A new survey of 1,000 people showed that less than 20pc had entry-level technical competency.
When it comes to skills in the tech sector, there are a few things at play.
First, the advancements of technology, data mining and machine learning are all putting a much higher demand on companies to hire people with stronger IT skills than ever before.
Secondly, education can only do its best to catch up and, when it does, standard education can only narrow the skills gap by way of bringing highly skilled graduates into the professional world.
This means that those already in the industries are left by the wayside when it comes to their own skills gap, adding to the overall industry-wide chasm.
So how much are Irish professionals lacking when it comes to IT skills? A new survey from Code Institute has provided some frightening results.
The survey asked participants to carry out a diagnostic test, which included 10 entry-level technical questions. It evaluated whether participants’ IT skills and knowledge were up to date for the modern workplace.
Startlingly, 85pc of Irish professionals failed to show a sufficient level of technical competency, with 40pc of survey respondents falling below the 50pc pass mark.
With such a high level of Irish professionals lacking in the necessary IT skills, it’s no surprise that the tech skills gap is a long way off from improving.
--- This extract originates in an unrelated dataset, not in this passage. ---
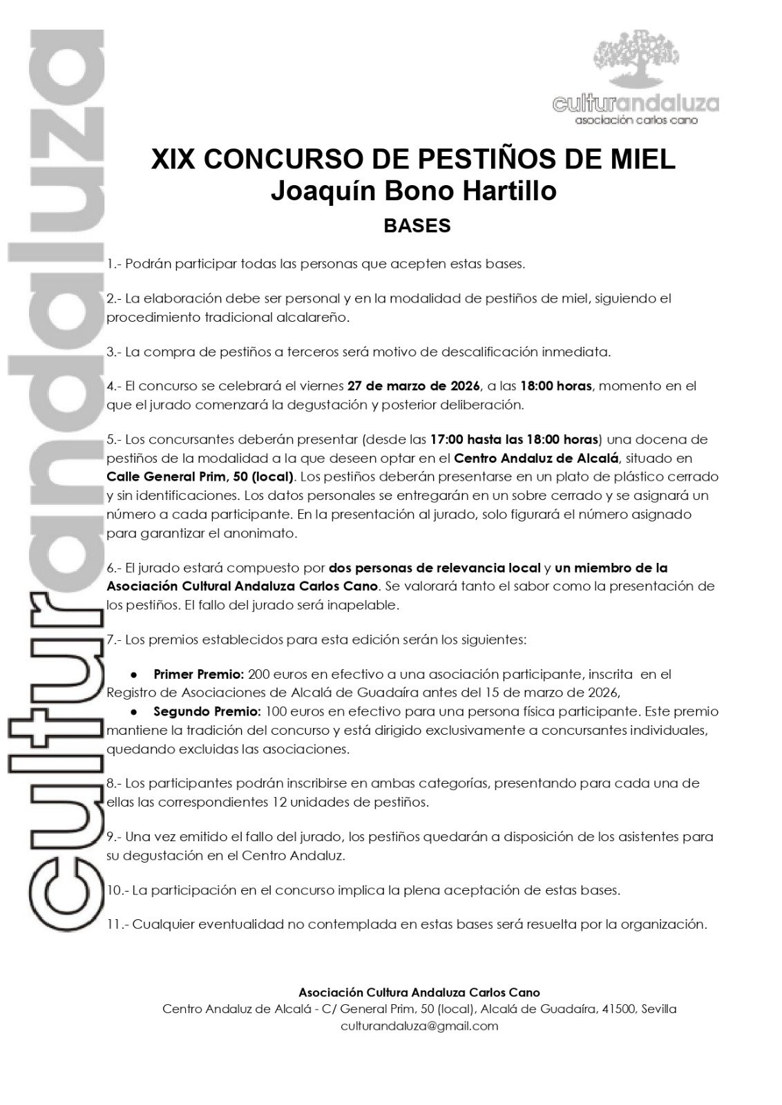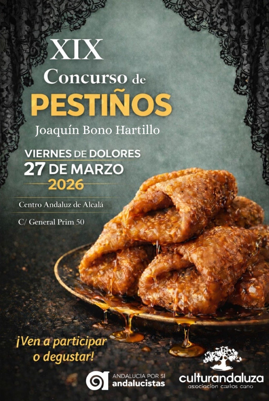 La ciudad celebrará la XIX edición del Concurso de Pestiños de Miel ‘Joaquín Bono Hartillo’, organizado por la Asociación Cultural Carlos Cano de Alcalá, en una cita que se ha convertido ya en todo un clásico de la antesala de la Semana Santa alcalareña.

Not only is this dangerous for the professionals in terms of their career growth, it’s bad news for the companies, too. There are already free ICT courses out there for employees to avail of, but companies need to do more to rectify this dramatic skills shortage.
Jim Cassidy, CEO of Code Institute, said that organisations need to realise how much it affects them and do something about it.
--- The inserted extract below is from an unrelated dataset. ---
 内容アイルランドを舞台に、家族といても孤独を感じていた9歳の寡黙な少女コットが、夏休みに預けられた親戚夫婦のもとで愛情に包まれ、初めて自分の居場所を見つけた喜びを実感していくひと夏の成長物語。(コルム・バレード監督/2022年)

“Companies need to be able to adapt to changes in their market; to have the skills to identify technological threats and opportunities, and, with under-skilled managers and employees, that will be a struggle.”
Broken down by industry, some of the better-performing sectors were marketing and finance, with insurance falling under the poor-performance category.
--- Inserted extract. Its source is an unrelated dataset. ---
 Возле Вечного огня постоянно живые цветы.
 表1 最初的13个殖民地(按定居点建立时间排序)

Cassidy said that Irish companies can rectify the problem by upskilling their staff. “Since technology plays an increasingly significant part in our working lives, it’s now more important than ever to know how to harness the power of IT,” he said.
“If Ireland is to continue its upward trajectory, every aspect of its business should be competitive – including its staff.”
Under-skilled staff is not the only problem here. In fact, the shortage of tech skills also hinders companies when it comes to implementing digital initiatives that would help them move with the times.
Earlier this year, another survey of Ireland by KingramRed found that 60pc of Irish organisations have no vision for their success in the digital world, and 65pc of them are unhappy with their progress in staff engagement to affect digital change.
However, a lack of tech skills was deemed the number one barrier when it came to the ability to move forward with digital change.
“Ireland’s economy has been the fastest-growing in Europe for four years in a row,” said Cassidy. “With the right attitude to training, technology and modern business, we can maintain this momentum.”